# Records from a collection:
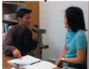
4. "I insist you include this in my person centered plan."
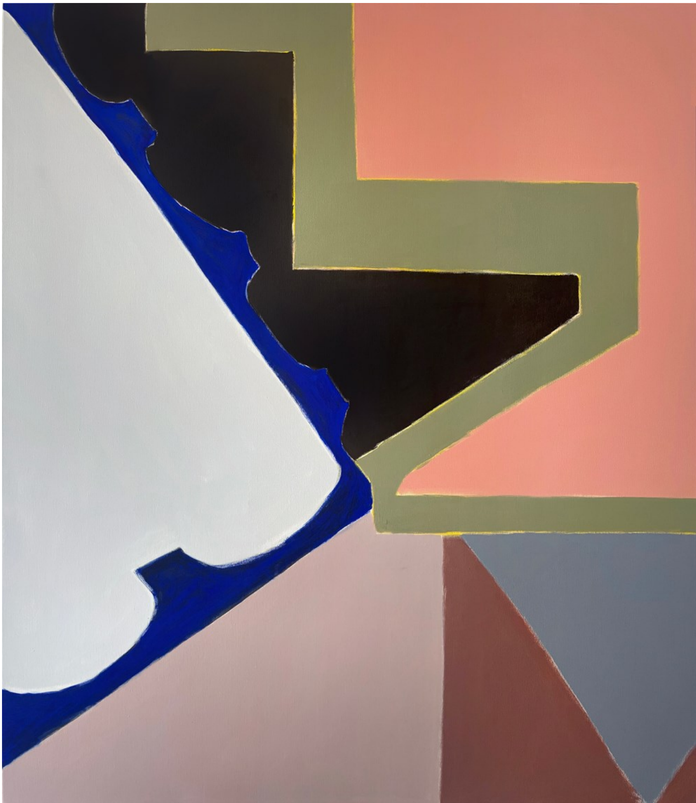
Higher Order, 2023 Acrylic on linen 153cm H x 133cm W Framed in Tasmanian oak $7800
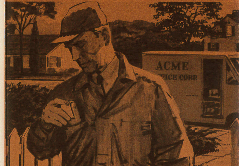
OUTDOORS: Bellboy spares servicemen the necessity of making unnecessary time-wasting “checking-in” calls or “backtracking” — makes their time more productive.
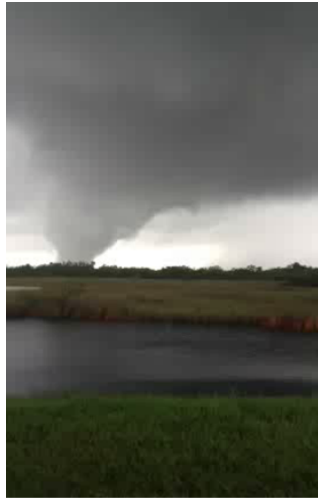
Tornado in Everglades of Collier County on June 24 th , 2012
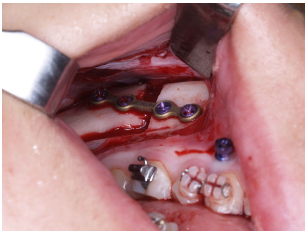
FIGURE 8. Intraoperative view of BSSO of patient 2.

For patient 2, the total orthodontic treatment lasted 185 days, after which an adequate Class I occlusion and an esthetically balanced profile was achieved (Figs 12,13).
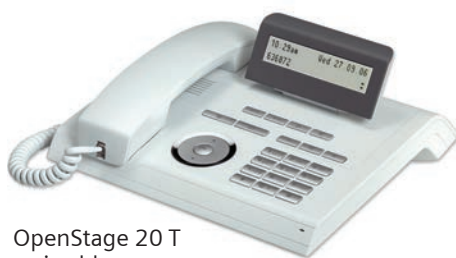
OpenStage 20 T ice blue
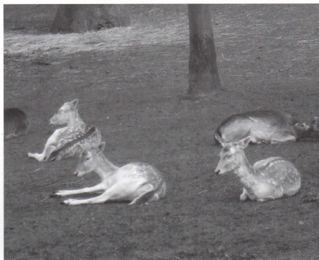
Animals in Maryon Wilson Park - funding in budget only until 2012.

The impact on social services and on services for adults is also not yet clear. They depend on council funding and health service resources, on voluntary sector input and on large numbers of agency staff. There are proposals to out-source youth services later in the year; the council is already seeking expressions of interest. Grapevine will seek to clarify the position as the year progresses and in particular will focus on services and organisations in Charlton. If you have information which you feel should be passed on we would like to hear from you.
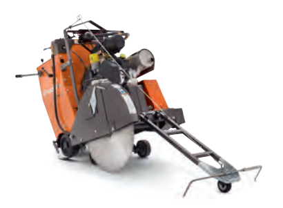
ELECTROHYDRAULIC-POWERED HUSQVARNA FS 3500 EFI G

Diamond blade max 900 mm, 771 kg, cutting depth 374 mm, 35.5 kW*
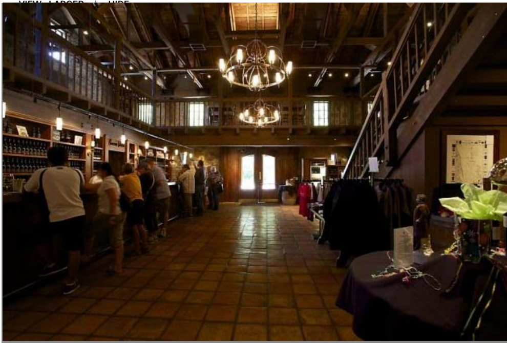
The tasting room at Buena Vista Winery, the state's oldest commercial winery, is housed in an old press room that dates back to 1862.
---
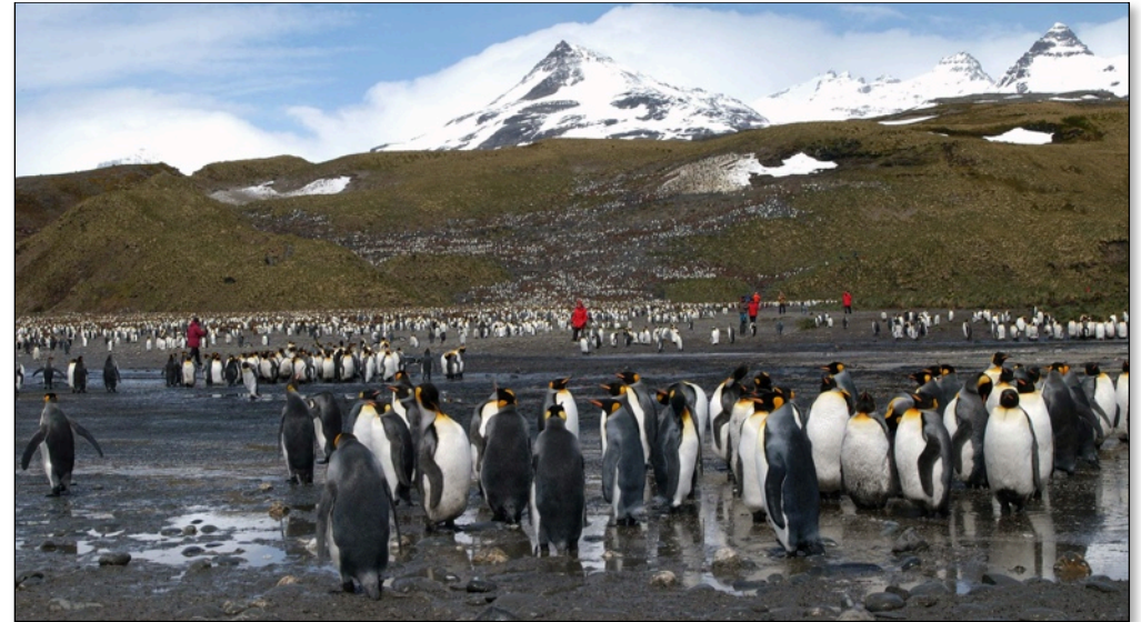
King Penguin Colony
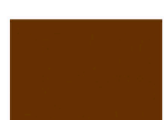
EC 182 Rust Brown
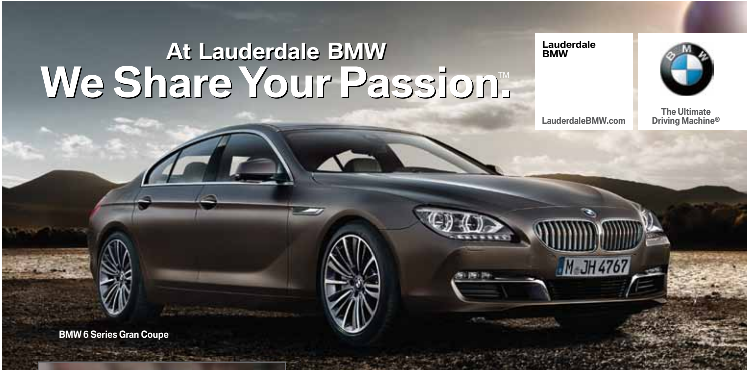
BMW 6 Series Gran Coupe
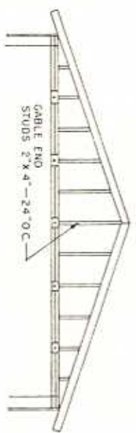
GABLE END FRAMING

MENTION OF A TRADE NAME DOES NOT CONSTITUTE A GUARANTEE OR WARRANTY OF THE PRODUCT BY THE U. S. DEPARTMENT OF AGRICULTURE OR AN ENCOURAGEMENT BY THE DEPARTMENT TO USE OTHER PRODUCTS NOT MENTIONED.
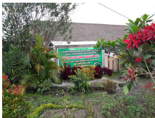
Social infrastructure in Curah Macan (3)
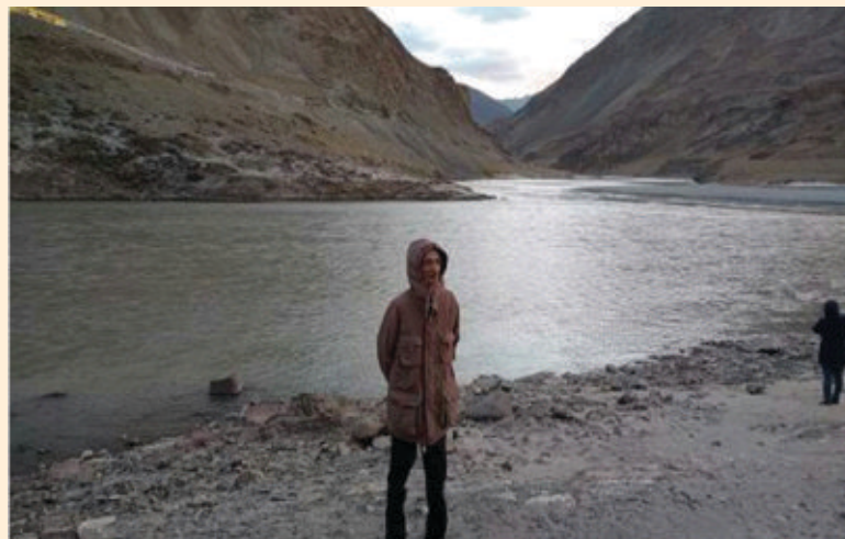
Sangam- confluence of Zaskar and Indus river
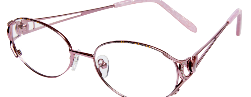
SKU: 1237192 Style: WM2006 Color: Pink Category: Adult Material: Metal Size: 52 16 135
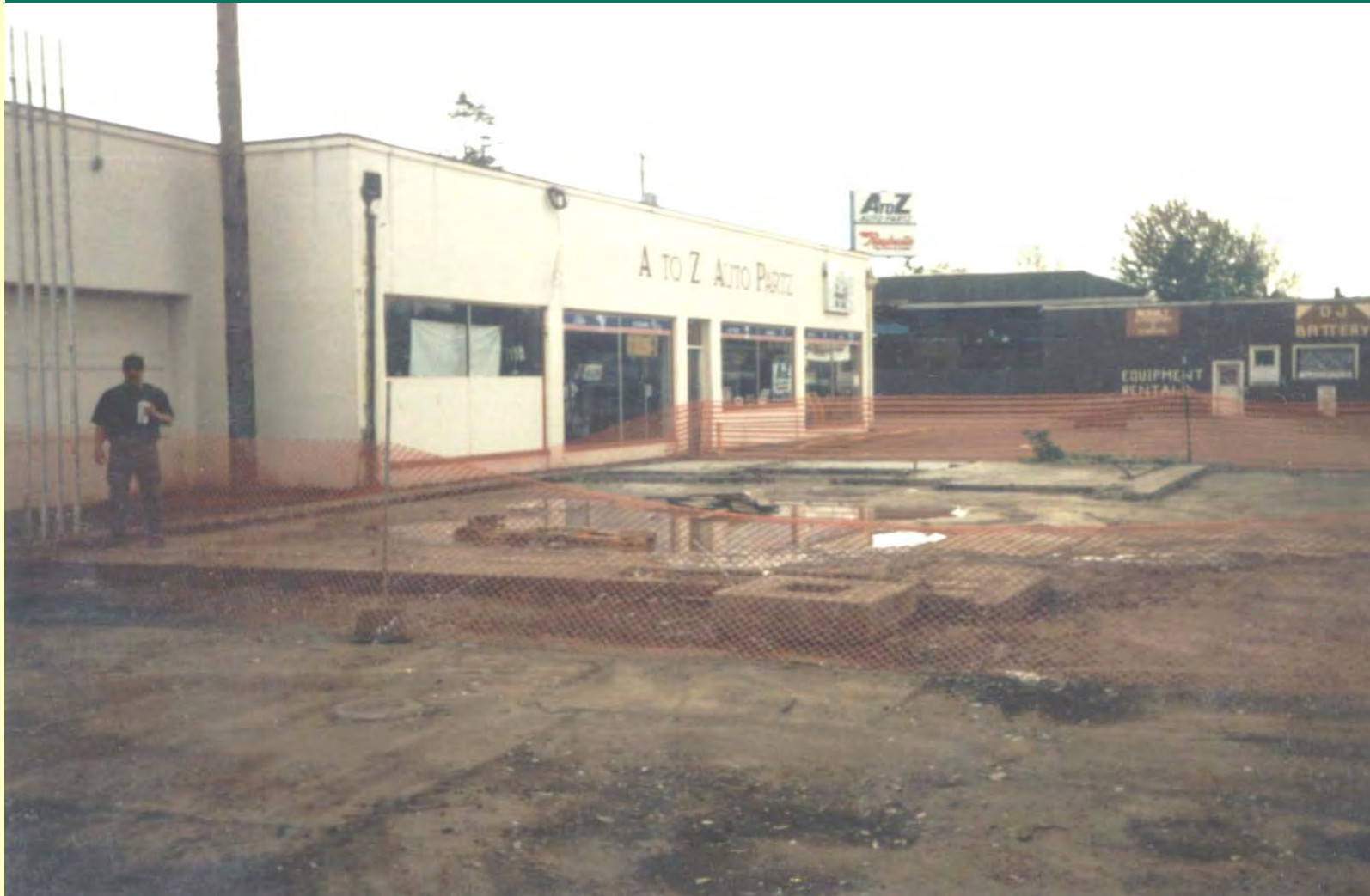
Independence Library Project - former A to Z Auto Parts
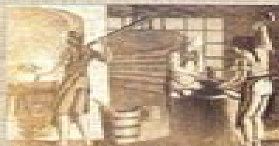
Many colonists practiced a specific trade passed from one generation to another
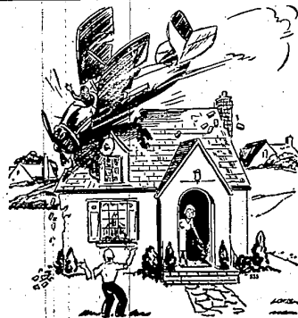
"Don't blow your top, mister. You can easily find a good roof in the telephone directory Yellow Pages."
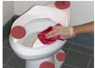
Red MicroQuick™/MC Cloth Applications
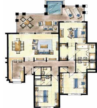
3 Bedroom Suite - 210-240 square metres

# Task statement:
Look through the entries and return each line that has the word "patient" in it.

# Exercise solution:
FIGURE 8. Intraoperative view of BSSO of patient 2.
For patient 2, the total orthodontic treatment lasted 185 days, after which an adequate Class I occlusion and an esthetically balanced profile was achieved (Figs 12,13).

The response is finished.